The prepared organic electroluminescent device was subjected to direct current application, evaluated for light emission performance using a Spectrascan PR655 luminance meter, and measured for current-voltage characteristics using a computer-controlled Keithley 2400 digital source meter. As the light emission characteristics, the starting voltage and the maximum luminance (cd/m) were measured under the condition that the voltage varied with the applied DC voltage²) CIE color coordinate values, external quantum efficiency (EQE,%) and power efficiency (PE, lm/W). As shown in FIGS. 2 to 4, the measured values of the devices fabricated above were 3.1eV, 15650cd/m²(0.38,0.57), 20% and 68.1 lm/W.

The above description is only a preferred embodiment of the present invention and is not intended to limit the present invention, it should be noted that, for those skilled in the art, many modifications and variations can be made without departing from the technical principle of the present invention, and these modifications and variations should also be regarded as the protection scope of the present invention.

Claims

1. A compound of formula (I) having the formula:

2. The compound according to claim 1, characterized in that its preparation process comprises the following steps:

(S1) reacting the compound shown in the formula (3) with iodine bromide in an organic solvent at 20-30 ℃, and obtaining the compound shown in the formula (4) after the reaction is completed;

(S2) reacting the compound shown in the formula (4) with the compound shown in the formula (2) in an organic solvent at 95-105 ℃ in the presence of alkali and a palladium salt catalyst to obtain the compound shown in the formula (1); the reaction route is as follows:

3. The compound according to claim 2, wherein in step (S1), the molar ratio of the compound represented by formula (3) to iodine bromide is 1:1 to 1: 1.5.
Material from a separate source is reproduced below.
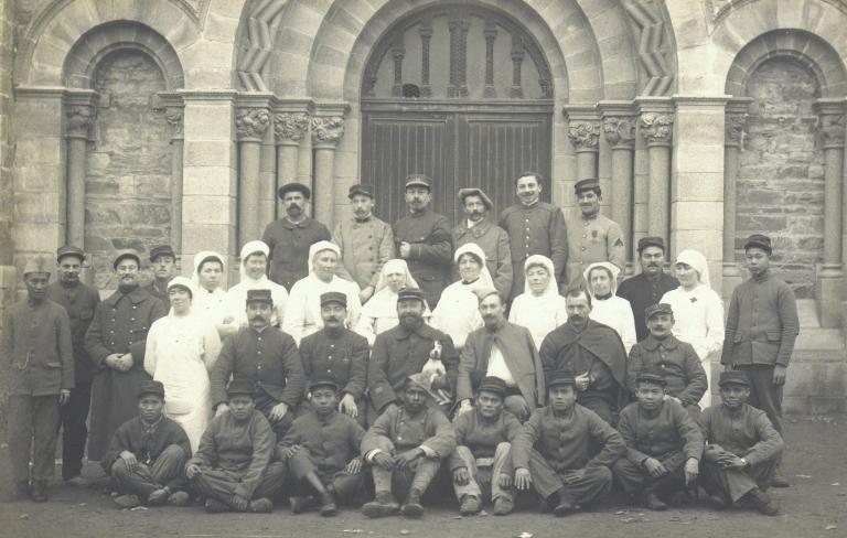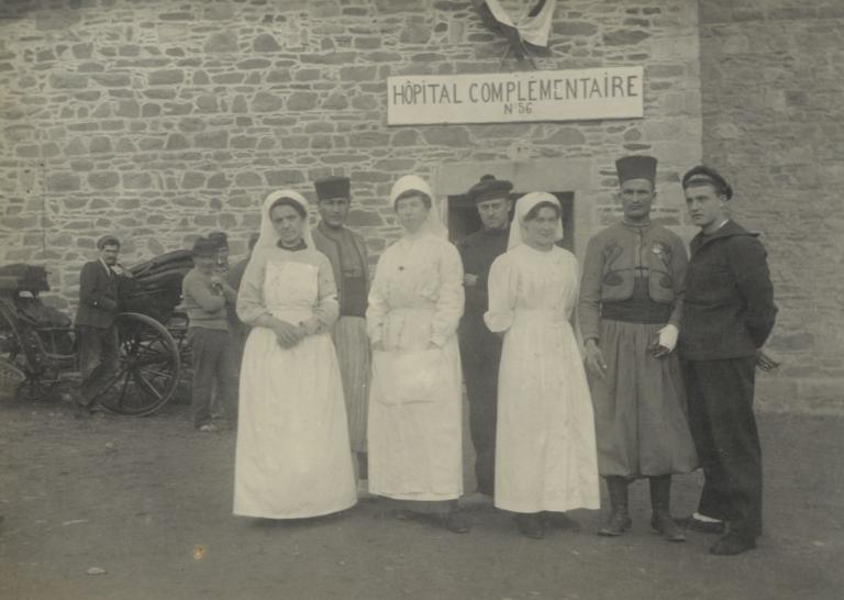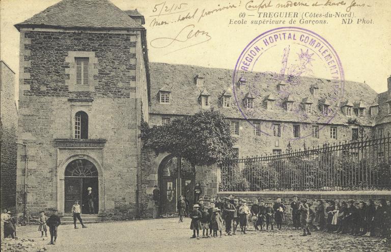 Pendant la Première guerre mondiale, l'établissement est en partie réquisitionné pour accueillir un hôpital complémentaire : 9000 soldats au total y seront soignés entre 1914 et 1918. Henri Pollès dans son roman intitulé "Sur le fleuve de sang vient parfois un beau navire" (1982) évoque cet épisode dans l'histoire de Tréguier : C’était devant la porte du Complémentaire (dont on peut se demander de quoi, puisqu’il était l’hôpital principal ; peut-être de l’insuffisance du plan sanitaire général…) qu’avait lieu le premier tri des « arrivages ». D’après la fiche épinglée sur la capote et un rapide examen, on gardait l’un, on aiguillait l’autre vers les diverses annexes. Parfois l’opération était assurée par de simples infirmières, tout de même triées sur le volet on s’en doute, et certains jours de fièvres, où il y avait de l’électricité dans l’air – il semble qu’en voici un -, les charmantes et distinguées « petites sœurs laïques des pauvres soldats » accréditées par leurs établissements respectifs, se disputaient aussi bien les blessés debout que ceux des civières, selon la spécialité de leurs services et sans doute plus encore les préférences personnelles des chefs pour telles ou telles sortes de blessures…". La cohabitation entre la direction de l’établissement, les élèves et les blessés est dénoncée : "la promiscuité gênante vis à vis des hospitalisés" commence à influer sur le fonctionnement normale de l'école, les "Boches" comme on les surnomme à l’époque sont accusés de "vols et déprédation" et en 1918, un soldat soigné à l'hôpital a fait irruption dans une des classes de l'école primaire avec un couteau.

4. The compound according to claim 2, wherein in step (S2), the molar ratio of the compound represented by formula (4) to the compound represented by formula (2) is 1:1 to 1: 2.

5. The compound of claim 2, wherein in step (S2), a ligand selected from tri-tert-butylphosphine or triphenylphosphine is further used in the reaction.

6. Use of a compound of formula (I) according to claim 1 for the preparation of a thermally activated delayed fluorescence material.

7. Use of a compound of formula (I) according to claim 1 for the preparation of an organic electroluminescent device.

8. An organic electroluminescent device comprising a light-emitting layer, wherein the light-emitting layer comprises a doped dye, and wherein the doped dye comprises a compound represented by formula (I):

9. The organic electroluminescent device according to claim 8, wherein the light-emitting layer further comprises a host material selected from 1, 3-bis (9-hydro-carbazol-9-yl) -benzene or bis [2- ((oxo) diphenylphosphino) phenyl ] ether.

10. The use according to claim 8 or 9, wherein the mass ratio of the host material to the doping dye is 1: 0.04-1: 0.2.